Having become accustomed to this technology, Steve immediately accepts the new version of his wife with childlike simplicity, saying to himself, “I guess the reason I’m seeing her like this is because the algorithm knows I really want to.”
Stopping the video, Professor Updike exclaimed excitedly, “We can all be like Steve in that film! As this technology becomes perfected, our own algorithms will take over the job of customizing how the world appears to us, always up to date to reflect our latest needs and desires.”
Dr. Updike then clarified that, actually, this is not quite the final frontier. Assuming a more somber tone, he began to identify a formidable final challenge that was currently alluding even the most optimistic inventors, futurists and self-learning machines.
The problem, he explained, was communication.
“Although we might be able to change how we see the world and other people, we cannot yet change what people say without completely severing the possibility of interaction and social functioning. Of course, there are avatars that can interact and talk with us, but their usefulness is primarily limited to sexual recreation. While increasing numbers of young men are withdrawing into a virtual world where they only have to interact with avatars, this is not a realistic solution for most of us. Within the context of family life, and certainly within the context of work and meaningful engagement with the world, it is inescapable that we must interact with real people.”
“But this creates an obvious dilemma. As we’ve become increasingly accustomed to viewing only customized versions of our external environment, our tolerance at being unable to customize what people say will likely decrease. If Steve is able to change his wife’s appearance from one of tired irritation to one of cheerful availability, what happens when the words she speaks reflect the former reality and not the latter? In an environment where everything we see can be customized, there is bound to be something strangely incongruous about communication that remains immune to customization.”
The professor tentatively suggested that perhaps a solution to this problem would be found, not in technology, but in a type of reverse-engineered cognitive behavioral therapy.
“What if we could learn to continually reframe what people say to us, so that it can be absorbed within our own ego boundaries? Though this strategy may sound complex, it involves some basic communication paradigms that many of us already do naturally anyway.”
Then, turning to the overhead again, Dr. Updike illustrated these strategies with a series of bullet points that included things like:
- When people say something that disrupts your personal reality, simply ignore it.

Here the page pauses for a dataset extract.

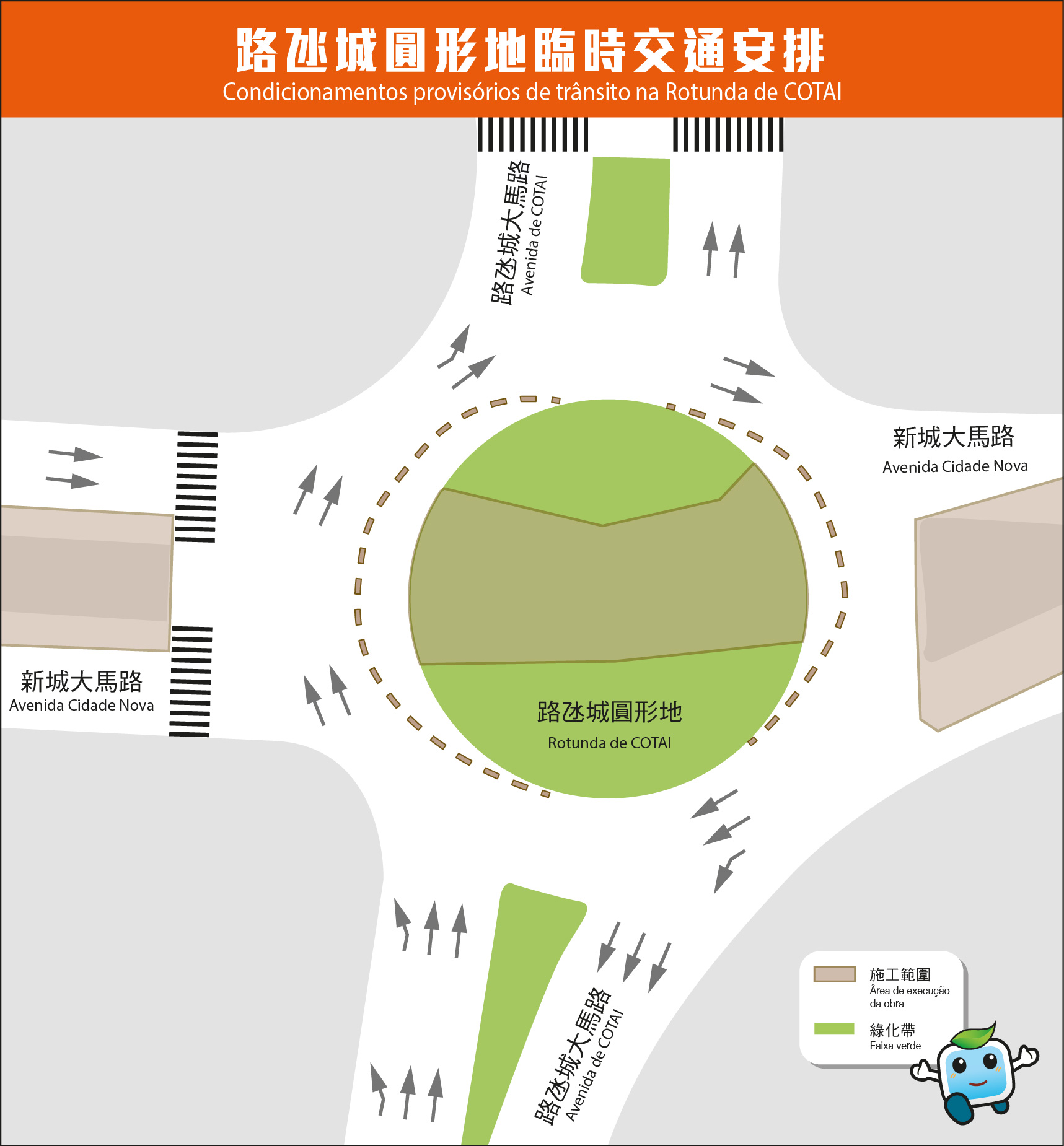 因輕軌工程推進,氹仔新城大馬路與望德聖母灣大馬路交界以及路氹城圓形地,由周六起實施有限度通車。運輸基建辦公室及交通事務局呼籲公眾留意現場臨時交通安排及指示。

- Whenever possible, interpret people’s words in light of what you would like them to mean.
- When people talk to you, impose your own context onto their words.
“What I am suggesting,” the professor explained, “is that the auditory correlate to a customized landscape may be found, not in changing what people say, nor through changing what we hear. Rather, it is found by changing the meanings we choose to recognize.”
Anticipating objections from his listeners, the professor admitted that there might seem something self-serving to this reframing strategy. “But let’s not forget” he explained, “that as far back as the twentieth-century, theorists began understanding that we are all trapped in our own language games, that no interpretation of a text can claim the rigid absolutism of epistemic objectively. Applying this principle to ordinary conversation, all dialogue becomes a type of monologue. After all, what does someone’s words mean to me other than what I choose for those words to mean to me?”
“Indeed,” Professor Updike concluded, “in a world dominated by our virtual habits, attentive listening may soon become as cumbersome as writing a letter by hand.”